WHAT NEEDS TO BE DONE –
Word for word, restate the entries below and exclude every image.

[Start of section]

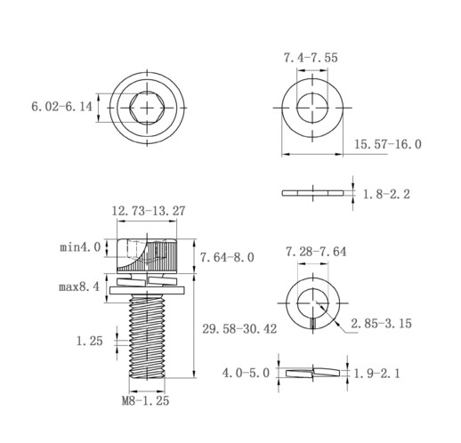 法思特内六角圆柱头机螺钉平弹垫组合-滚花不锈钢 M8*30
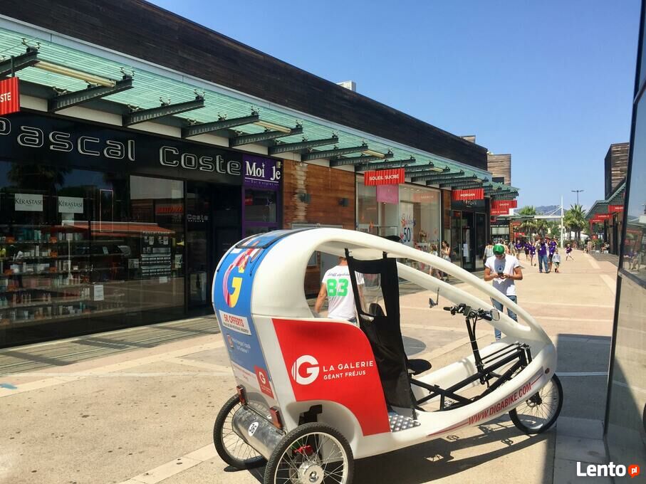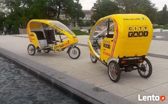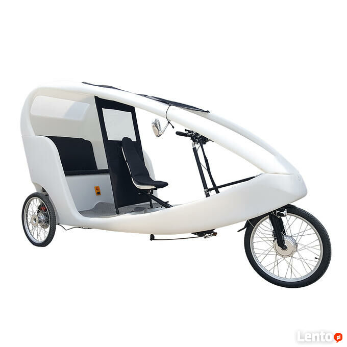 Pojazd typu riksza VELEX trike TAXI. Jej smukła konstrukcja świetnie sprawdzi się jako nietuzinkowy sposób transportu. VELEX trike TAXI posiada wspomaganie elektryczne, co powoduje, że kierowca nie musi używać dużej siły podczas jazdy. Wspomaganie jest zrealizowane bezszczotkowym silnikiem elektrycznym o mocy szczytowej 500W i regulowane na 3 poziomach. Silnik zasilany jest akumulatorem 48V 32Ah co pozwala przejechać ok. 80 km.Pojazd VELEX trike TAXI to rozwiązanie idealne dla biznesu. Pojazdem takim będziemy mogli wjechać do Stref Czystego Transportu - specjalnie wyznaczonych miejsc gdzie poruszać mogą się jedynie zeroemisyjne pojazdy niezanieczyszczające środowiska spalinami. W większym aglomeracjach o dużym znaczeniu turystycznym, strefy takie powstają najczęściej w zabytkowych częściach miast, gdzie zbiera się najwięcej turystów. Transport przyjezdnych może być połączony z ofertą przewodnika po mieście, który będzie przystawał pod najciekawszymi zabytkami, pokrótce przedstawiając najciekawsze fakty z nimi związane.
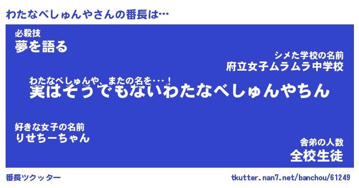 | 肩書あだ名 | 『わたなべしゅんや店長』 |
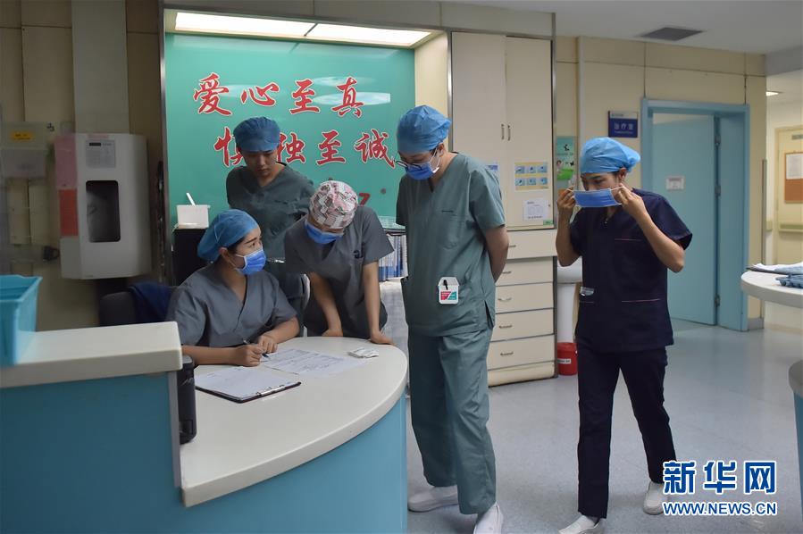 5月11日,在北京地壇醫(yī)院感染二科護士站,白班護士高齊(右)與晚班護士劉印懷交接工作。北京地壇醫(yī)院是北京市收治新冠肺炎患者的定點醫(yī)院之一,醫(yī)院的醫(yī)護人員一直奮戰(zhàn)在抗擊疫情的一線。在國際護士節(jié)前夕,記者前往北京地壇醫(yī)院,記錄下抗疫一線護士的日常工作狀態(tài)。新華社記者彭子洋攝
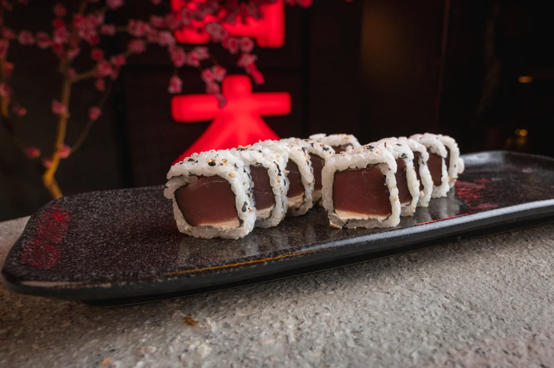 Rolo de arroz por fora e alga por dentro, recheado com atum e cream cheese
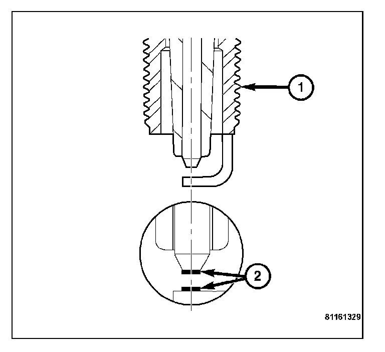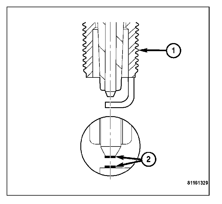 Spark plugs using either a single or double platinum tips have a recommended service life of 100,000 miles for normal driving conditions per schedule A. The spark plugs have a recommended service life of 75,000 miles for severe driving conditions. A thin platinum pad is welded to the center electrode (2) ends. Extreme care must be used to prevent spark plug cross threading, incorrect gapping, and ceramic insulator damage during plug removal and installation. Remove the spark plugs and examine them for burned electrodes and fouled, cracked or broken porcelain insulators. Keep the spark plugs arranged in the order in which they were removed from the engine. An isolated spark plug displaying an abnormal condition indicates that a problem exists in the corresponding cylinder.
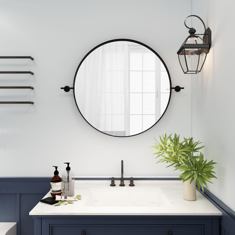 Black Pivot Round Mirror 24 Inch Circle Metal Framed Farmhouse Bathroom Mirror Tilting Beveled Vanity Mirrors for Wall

[End of section]

EXERCISE ANSWER –
 法思特内六角圆柱头机螺钉平弹垫组合-滚花不锈钢 M8*30
 Pojazd typu riksza VELEX trike TAXI. Jej smukła konstrukcja świetnie sprawdzi się jako nietuzinkowy sposób transportu. VELEX trike TAXI posiada wspomaganie elektryczne, co powoduje, że kierowca nie musi używać dużej siły podczas jazdy. Wspomaganie jest zrealizowane bezszczotkowym silnikiem elektrycznym o mocy szczytowej 500W i regulowane na 3 poziomach. Silnik zasilany jest akumulatorem 48V 32Ah co pozwala przejechać ok. 80 km.Pojazd VELEX trike TAXI to rozwiązanie idealne dla biznesu. Pojazdem takim będziemy mogli wjechać do Stref Czystego Transportu - specjalnie wyznaczonych miejsc gdzie poruszać mogą się jedynie zeroemisyjne pojazdy niezanieczyszczające środowiska spalinami. W większym aglomeracjach o dużym znaczeniu turystycznym, strefy takie powstają najczęściej w zabytkowych częściach miast, gdzie zbiera się najwięcej turystów. Transport przyjezdnych może być połączony z ofertą przewodnika po mieście, który będzie przystawał pod najciekawszymi zabytkami, pokrótce przedstawiając najciekawsze fakty z nimi związane.
 | 肩書あだ名 | 『わたなべしゅんや店長』 |
 5月11日,在北京地壇醫(yī)院感染二科護士站,白班護士高齊(右)與晚班護士劉印懷交接工作。北京地壇醫(yī)院是北京市收治新冠肺炎患者的定點醫(yī)院之一,醫(yī)院的醫(yī)護人員一直奮戰(zhàn)在抗擊疫情的一線。在國際護士節(jié)前夕,記者前往北京地壇醫(yī)院,記錄下抗疫一線護士的日常工作狀態(tài)。新華社記者彭子洋攝
 Rolo de arroz por fora e alga por dentro, recheado com atum e cream cheese
 Spark plugs using either a single or double platinum tips have a recommended service life of 100,000 miles for normal driving conditions per schedule A. The spark plugs have a recommended service life of 75,000 miles for severe driving conditions. A thin platinum pad is welded to the center electrode (2) ends. Extreme care must be used to prevent spark plug cross threading, incorrect gapping, and ceramic insulator damage during plug removal and installation. Remove the spark plugs and examine them for burned electrodes and fouled, cracked or broken porcelain insulators. Keep the spark plugs arranged in the order in which they were removed from the engine. An isolated spark plug displaying an abnormal condition indicates that a problem exists in the corresponding cylinder.
 Black Pivot Round Mirror 24 Inch Circle Metal Framed Farmhouse Bathroom Mirror Tilting Beveled Vanity Mirrors for Wall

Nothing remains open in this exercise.